Re: BUG #2712: could not fsync segment: Permission

From
"Peter Brant"
Date:
Move to Linux. :-)  In our case, everything but the database servers
were already Linux so it was an easy choice.  Things have been rock
solid since then.

Once things get stuck, I don't think there is an alternative besides
"stop -m immediate".  However, since the problem is caused by an idle
backend holding onto an old WAL segment, maybe having your middle
tier/connection pool close and reopen the connections to the database
every so often would function as a workaround.  Somebody with more
knowledge of PG internals than I would have to define "every so often"
though (if the idea is viable at all).

Pete

>>> "Thomas H." <me@alternize.com> 23.10.2006 20:00 >>>
is there any workaround? how did you get around that problem of having
a
total lockdown?

Re: BUG #2712: could not fsync segment: Permission

From
Tom Lane
Date:
"Peter Brant" <Peter.Brant@wicourts.gov> writes:
> FWIW, we were bitten by the fsync problem which you noticed too.
> Unfortunately we were never able to track down a cause (see the mailing
> list archives).  They are separate problems though.

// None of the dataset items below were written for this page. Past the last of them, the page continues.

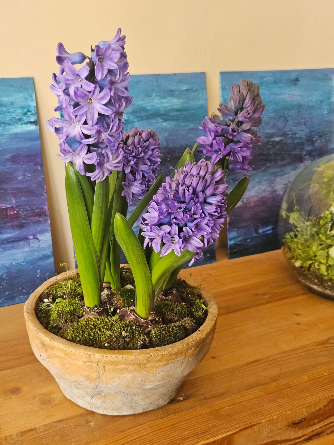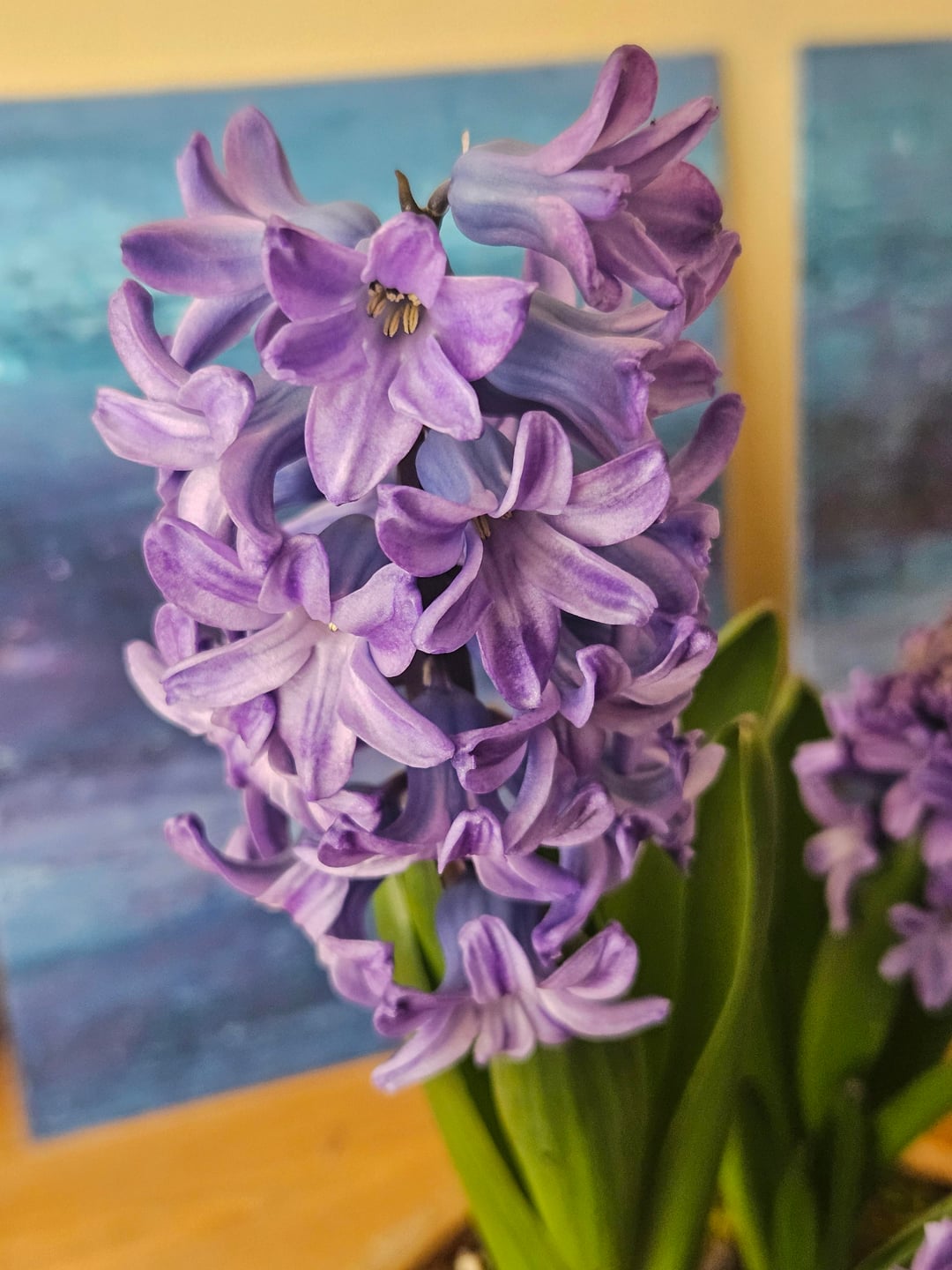 RelationshipQuiet609 on 02.04.2026 3:32 PM Your Hyacinth 🪻 🪻🪻is Beautiful-That color is gorgeous 💜💜💜! I love your paintings in the background, they make the perfect backdrop! 💜💜💜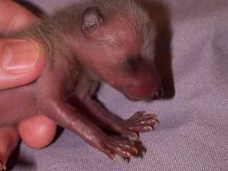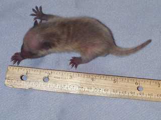 ![]() | Just washed my hair and now I can't find it !!- They weigh in at a whopping 85 grams. Their hair is so thin that the rings on the tails are just barely visible. The usual face mask isn't visible yet either. The umbilical cords have just fallen off and we estimate them to be 3-5 days old. | ![]() | Hey, give me some air here..- Now 9 days older, these babies are starting to get more hair on their heads and back. Bellies, inside of legs, and top of feet still have no fur. Ears have no fur and still lay flat against her head. OBTW, she's not being choked here. She's screaming for more bottle.... |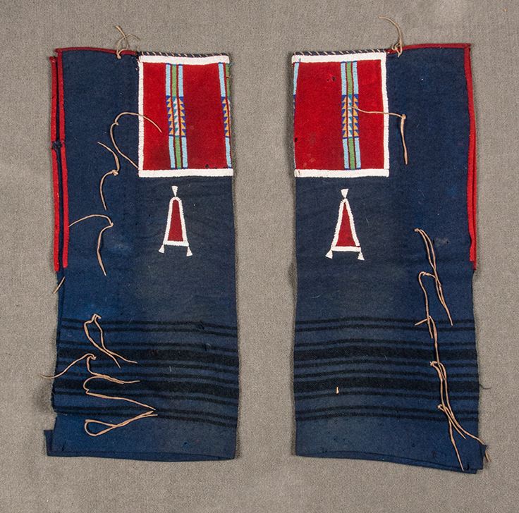 Crow Man's Panel Style Leggings. 30 ½" x 13" at widest point. Finely beaded panels on thick, blue trade cloth. Early 20th century.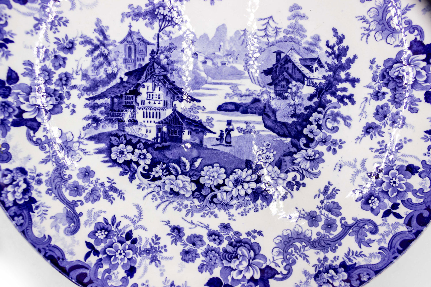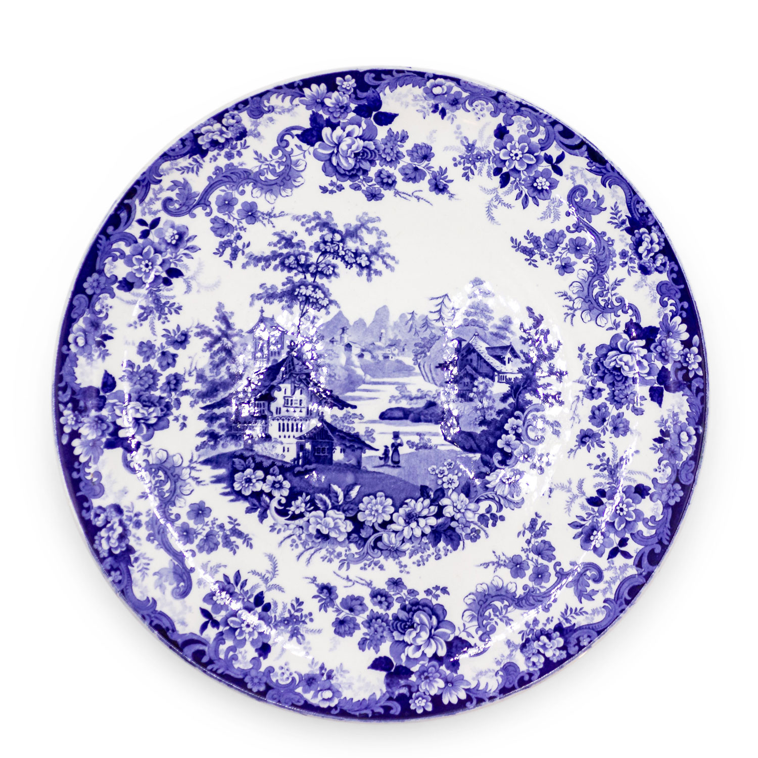 Pair of English Victorian Ceramic Floral Charger Plate

Actually, now that I look back in the archives, I think we had theorized
that the fsync errors come from attempting to fsync a file that's
already been deleted but some backend still has a reference to.
Apparently that leads to EACCES instead of ENOENT (which the code is
already prepared to expect).

http://archives.postgresql.org/pgsql-bugs/2006-04/msg00215.php

            regards, tom lane

Re: BUG #2712: could not fsync segment: Permission

From
"Thomas H."
Date:
> Actually, now that I look back in the archives, I think we had theorized
> that the fsync errors come from attempting to fsync a file that's
> already been deleted but some backend still has a reference to.
> Apparently that leads to EACCES instead of ENOENT (which the code is
> already prepared to expect).

with process explorer i can actually check which postgres.exe instance (in
all cases i've checked its just 1 instance, and always just 1 file) holds
the lock for the file in question. but will that help in determining why it
is still holding a reference?
the postgres instance that holds the lock eventually closes the filehandle
after some minutes. the process itself is not killed but continues
thereafter.

let me know if i can be of any assistance. since we do regurarly reindex one
table whose index size keeps growing despite of often vacuuming, the
fsync-problem happens almost 4-5 times per hour.

regards,
thomas

Re: BUG #2712: could not fsync segment: Permission

From
Tom Lane
Date:
"Thomas H." <me@alternize.com> writes:
> with process explorer i can actually check which postgres.exe instance (in
> all cases i've checked its just 1 instance, and always just 1 file) holds
> the lock for the file in question.

So which one is it?

> the postgres instance that holds the lock eventually closes the filehandle
> after some minutes. the process itself is not killed but continues
> thereafter.

That sounds a bit like what I'd expect the bgwriter to do, but the
bgwriter is also the one trying to issue the fsync.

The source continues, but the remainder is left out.